What is being asked:
Print the entries in full, word for word, but not the pictures.

+--

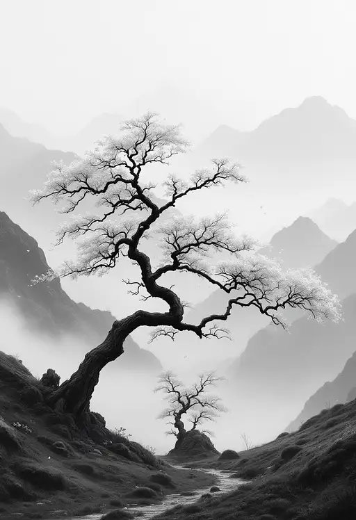 6 months ago cinematic grayscale, single Japanese tree in a foggy mountain valley, soft contrast and muted tones throughout the scene. Tree is centered, with a calm and natural shape. Visible trunk and branches with soft curves nothing exaggerated or overly twisted. A few delicate blossoms are allowed, but no full bloom or bright pink colors. Petals should be soft, minimal, and slightly faded. No cliffs, no dramatic landscapes. The tree should sit on natural ground. Deep atmospheric fog in the background with layered mountains fading into the distance. Scene should feel quiet, timeless, and balanced. Ink-wash painting aesthetic with a peaceful, cinematic mood. Cosmopolitan86 0 29
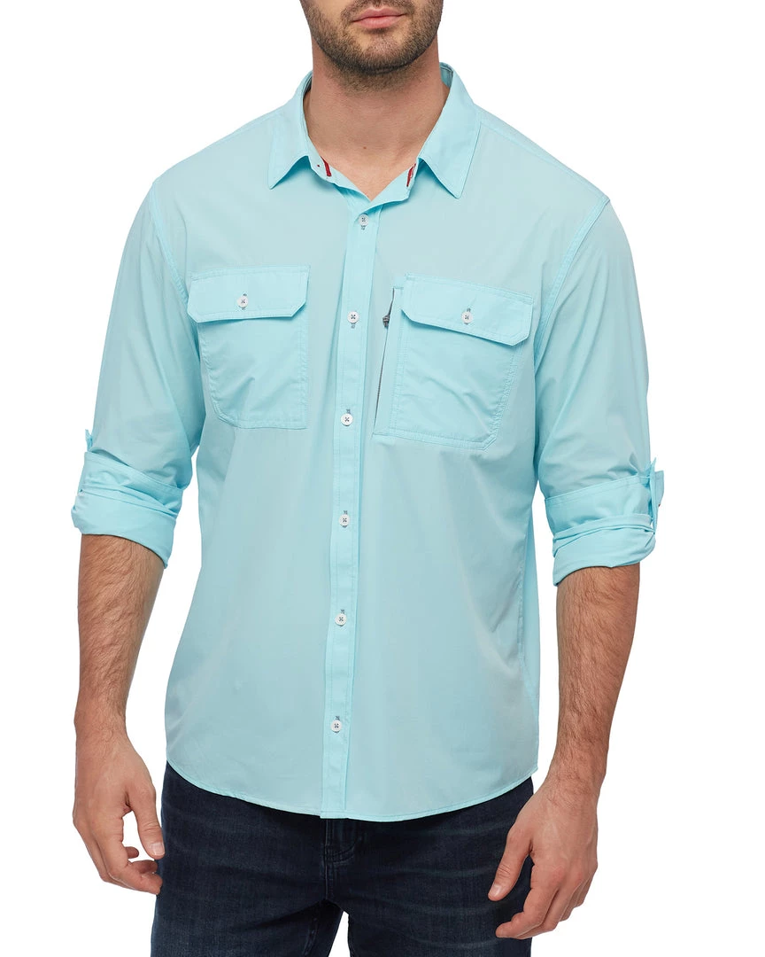 A comfortable button-down shirt is a year-round favorite, but this one was designed specifically for hot summer days. Made from a lightweight and breathable stretch fabric that wicks away moisture and offers UPF 30 sun protection, our MadeFlex UPF Performance Shirt is a great choice for when spending time outside. Featuring a mesh-lined back vent so you can feel the breeze, this shirt works hard to keep you cool on sweltering days. Dual front chest pockets + mesh-lined zip storage pocket on wearer’s left chest. Tailored athletic fit.
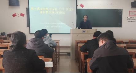 3月22日下午,自动化教研室开展了一场教学研讨活动,活动主讲人为石俊老师,题目为“基于执业资格考试的《工厂供电》课程教学重点的探讨”。自动化教研室全体老师参加了该研讨活动。
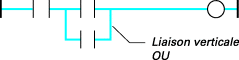 Une liaison multiple à gauche combine plusieurs liaisons horizontales connectées à gauche d’une liaison verticale, et une seule liaison horizontale à droite. L’état de l’extrémité à droite est le résultat du OU logique entre les états des extrémités à gauche.
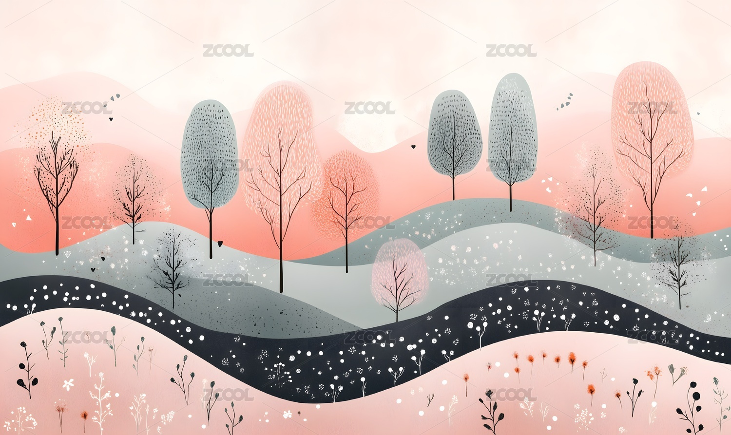 抽象粉色森林场景

+--

Answer:
 6 months ago cinematic grayscale, single Japanese tree in a foggy mountain valley, soft contrast and muted tones throughout the scene. Tree is centered, with a calm and natural shape. Visible trunk and branches with soft curves nothing exaggerated or overly twisted. A few delicate blossoms are allowed, but no full bloom or bright pink colors. Petals should be soft, minimal, and slightly faded. No cliffs, no dramatic landscapes. The tree should sit on natural ground. Deep atmospheric fog in the background with layered mountains fading into the distance. Scene should feel quiet, timeless, and balanced. Ink-wash painting aesthetic with a peaceful, cinematic mood. Cosmopolitan86 0 29
 A comfortable button-down shirt is a year-round favorite, but this one was designed specifically for hot summer days. Made from a lightweight and breathable stretch fabric that wicks away moisture and offers UPF 30 sun protection, our MadeFlex UPF Performance Shirt is a great choice for when spending time outside. Featuring a mesh-lined back vent so you can feel the breeze, this shirt works hard to keep you cool on sweltering days. Dual front chest pockets + mesh-lined zip storage pocket on wearer’s left chest. Tailored athletic fit.
 3月22日下午,自动化教研室开展了一场教学研讨活动,活动主讲人为石俊老师,题目为“基于执业资格考试的《工厂供电》课程教学重点的探讨”。自动化教研室全体老师参加了该研讨活动。
 Une liaison multiple à gauche combine plusieurs liaisons horizontales connectées à gauche d’une liaison verticale, et une seule liaison horizontale à droite. L’état de l’extrémité à droite est le résultat du OU logique entre les états des extrémités à gauche.
 抽象粉色森林场景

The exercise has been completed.